Here’s a chart of our sampler requests over the period.

Experiences with Lead Gen4

It’s important to note that much of the variability in these numbers comes from us running experiments and – in many cases – deliberately throttling-back our LinkedIn expenditure, either because Charlene (my sales coordinator) is overwhelmed or, more recently, because we have run out of delivery capacity here in the US (we’ll be adding more shortly).

Okay then, enough with the pretty pictures; let me show you how all this activity translates into money!

The economics

Over the period we’ve spent $29,071 with LinkedIn. From 24.3m impressions (showings of our ads), we’ve generated 5,687 clicks, at a cost of $5.11 each.

An average of 11% of these clicks have converted into sampler requests (this rate has risen markedly in recent times), meaning that we gave away 607 samplers (and generated the same number of sales opportunities).

It has cost us a little under $8 to fulfill each book request, meaning our total LinkedIn-related promotional expenditure is $33,927.

Now, this may sound like a lot but we need to compare it with the income we expect these opportunities will yield over time. Understandably, I wouldn’t give you this number even if I knew it, but I am prepared to admit that the lifetime value of a new client is significant enough to easily justify all this expenditure (and more).

The interesting thing in our case (and many of our clients have followed our lead here) is that we sell a Solution Design Workshop as part of our engagement process (i.e. before we ask for the ultimate order).
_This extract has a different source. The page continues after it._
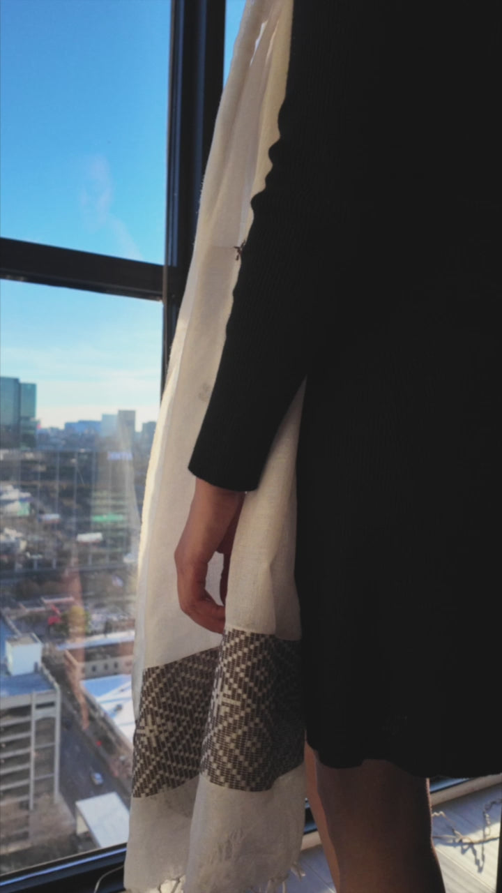 The Weyib Scarf is handwoven from hand-spun Ethiopian cotton and inspired by the quiet rhythms of the Weyib River. Its crisp white base is accented with delicate woven details and anchored by a finely patterned geometric border, reflecting a balance of simplicity and traditional craftsmanship.

This means that our opportunity-management process generates income as well as incurring costs. This also means that it’s possible – at least in theory – to build a self-liquidating opportunity-management process and drive the overall cost-of-sale down to zero.

In our case, over the period in question, we can attribute at least six Solution Design Workshops to our LinkedIn campaign. These have generated an average (net) income of $6,160. If divide our total LinkedIn-related promotional expenditure by six you can see that it has cost us $5,654 to sell each of these workshops.

In other words the promotional cost of each is negative $500!

There’s no question in my mind that this analysis grossly undervalues our LinkedIn campaign. It ignores the Solution Design Workshops we have yet to sell to the 607 new people we’ve added to our house list. It ignores all the income we will earn over the years by introducing a percentage of these people to our Outsourced Sales Operations engagements. And it ignores the audience we are building for my upcoming book – and all the knock-on benefits that will ultimately flow from that.

But I have little interest in trying to quantify any of that right now. After all, a couple of years ago we were bleeding red ink in the US and struggling to generate any sales opportunities. Now, our constraint has shifted to where it belongs (our consultants), meaning that we can knuckle-down and focus on replicating the simple model we have operating right now.

I must admit that, moving to the US and starting here without a captive audience (outside of the TOC community) has forced me to learn lessons that I could have learned back in Australia, but probably wouldn’t have. If you’re not running these kinds of promotional experiments now I encourage you to do so – while you don’t need to!